Initialize a filter which will be an array of bits of length which would allow you to store maximum value of used hash function . When adding element to the set, calculate it's hash. Determinate what bit's are 1 s and assure, that all of them are switched to 1 in the filter (array). When you want to check if an element is in the set, simply calculate it's hash and then check if all bits that are 1 s in the hash, are 1 s in the filter. If any of those bits is a 0 in the filter, the element definitely isn't in the set. If all of them are set to 1 , the element might be in the filter so you have to loop through all of the elements. The Boost

Simple probabilistic model provides the answer on how big should the filter (and the range of hash function) be to provide optimal chance for false positive which is the situation, that all bits are 1 s but the element isn't in the set.

Implementation

The Guava implementation provides the following constructor to the bloom-filter : create(Funnel funnel, int expectedInsertions, double falsePositiveProbability) . You can configure the filter on your own depending on the expectedInsertions and falsePositiveProbability .

False positive

Some people are aware of bloom-filters because of false-positive possibility. Bloom filter can be used in a way that don't rely on mightBeInFilter flag. If it might be, you should loop through all the elements and check one by one if the element is in the set or not.

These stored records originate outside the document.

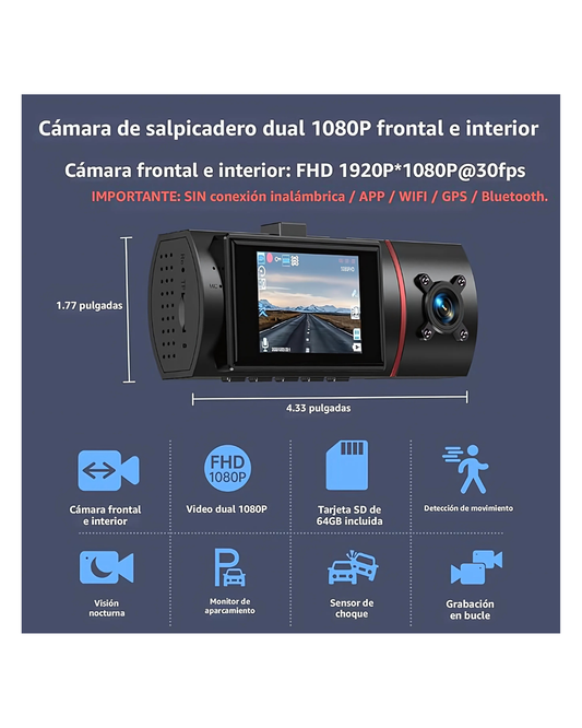 Cámara de tablero doble frontal e interior con tarjeta de 64 GB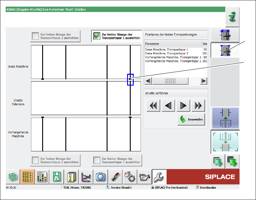 Wenn die Position der jeweiligen Transportkante der Shuttle Extension mit der derzeit aus-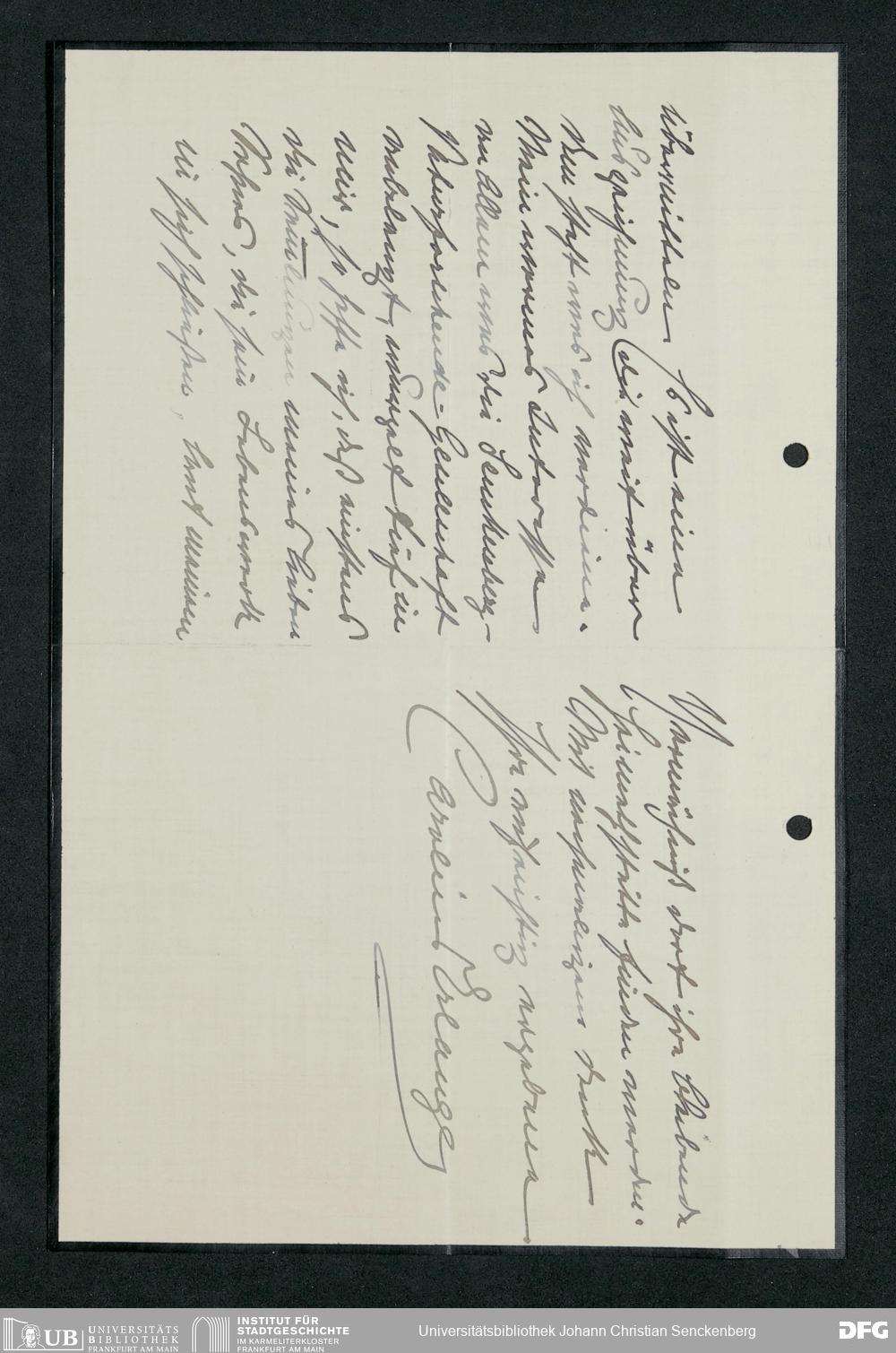 V176 Senckenberg Gesellschaft für Naturforschung, 371 - Dankschreiben für die anlässlich der Jahrhundertfeier von der Senckenbergischen Naturforschenden Gesellschaft vorgenommenen Ehrungen
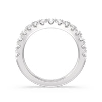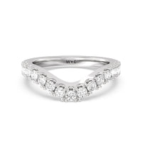 This curved diamond set wedding band is perfectly contoured to complement our the cloister ring for a simple and sophisticated look.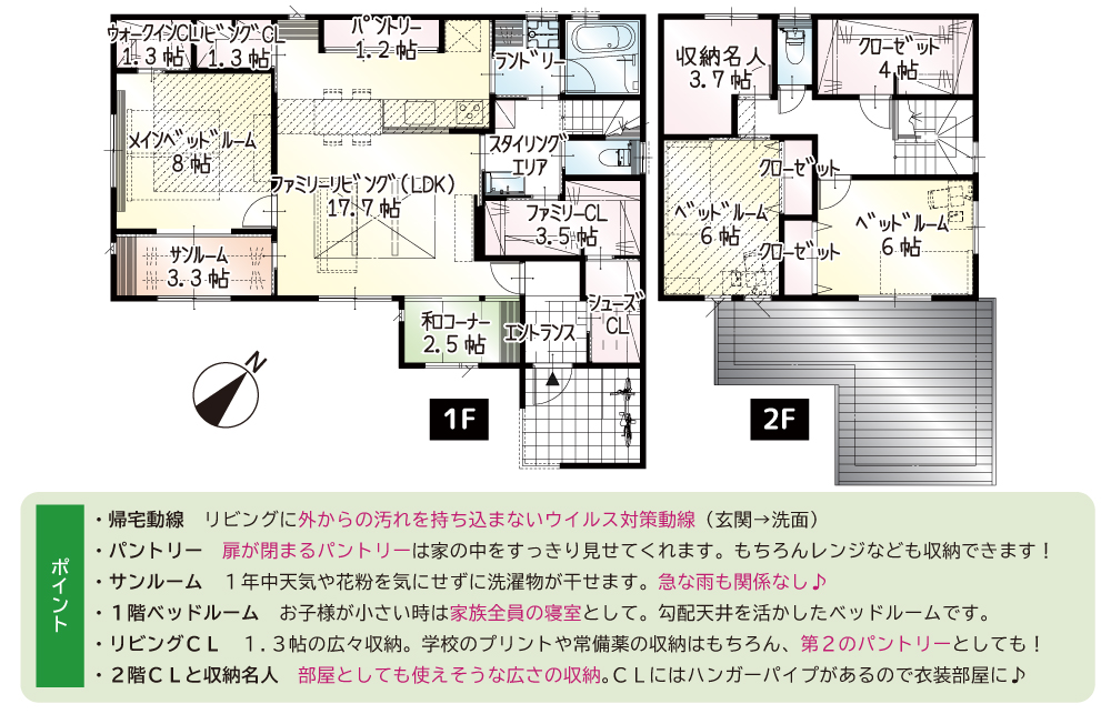 標準搭載 地盤保証+液状化保証! 耐震等級3 繰り返しの地震から家を守るミライエ搭載 防犯ガラス採用 リビングエアコン・全室LED照明・家具付き 朝日ウッドテックの抗ウイルスフローリング採用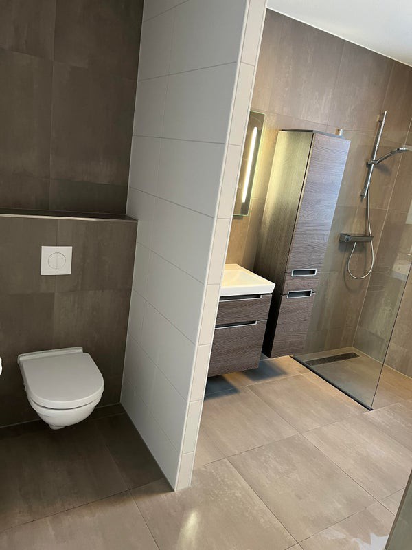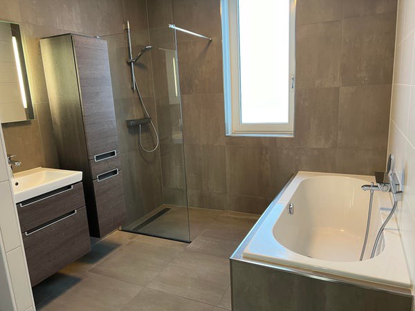 De badkamer is ruim opgesteld en voorzien van een ruime inloopdouche en een wandmeubel met wasbak, extra toilet en een ligbad.

Possible usage In your case, I'd create the filter for the set, then after all tickets are added simply loop through all the numbers (as you have to loop anyway) and check if they filter#mightBe int the set. If you set falsePositiveProbability to 3%, you'll achieve complexity around O(n^2-0.03m*n) where m stands for the number of gaps. Correct me if I'm wrong with the complexity estimation.

Answer 4

Read as many ticket numbers as you can fit into available memory.

Sort them, and write the sorted list to a temporary file. Depending on the expected number of gaps, it might save time and space to use a run-length–encoding scheme when writing the sorted numbers.

After all the ticket numbers have been sorted into temporary files, you can merge them into a single, sorted stream of ticket numbers, looking for gaps.

If this would result in too many temporary files to open at once for merging, groups of files can be merged into intermediate files, and so on, maintaining the total number below a workable limit. However, this extra copying can slow the process significantly.

The old tape-drive algorithms are still relevant.

Answer 5

Here is an idea: if you know in advance the range of your numbers, then

pre-calculate the sum of all the numbers that you expect to be there. 2. Then keep reading your numbers and produce the sum of all read numbers as well as the number of your numbers. 3. If the sum you come up with is the same as pre-calculated one, then there are no gaps. 4. If the sum is different and the number of your numbers is short just by one of the expected number then pre-calculated sum - actual sum will give you your missing number. 5. If the number of your numbers is short by more then one, then you will know how many numbers are missing and what their sum is.

The best part is that you will not need to store the collection of your numbers in memory.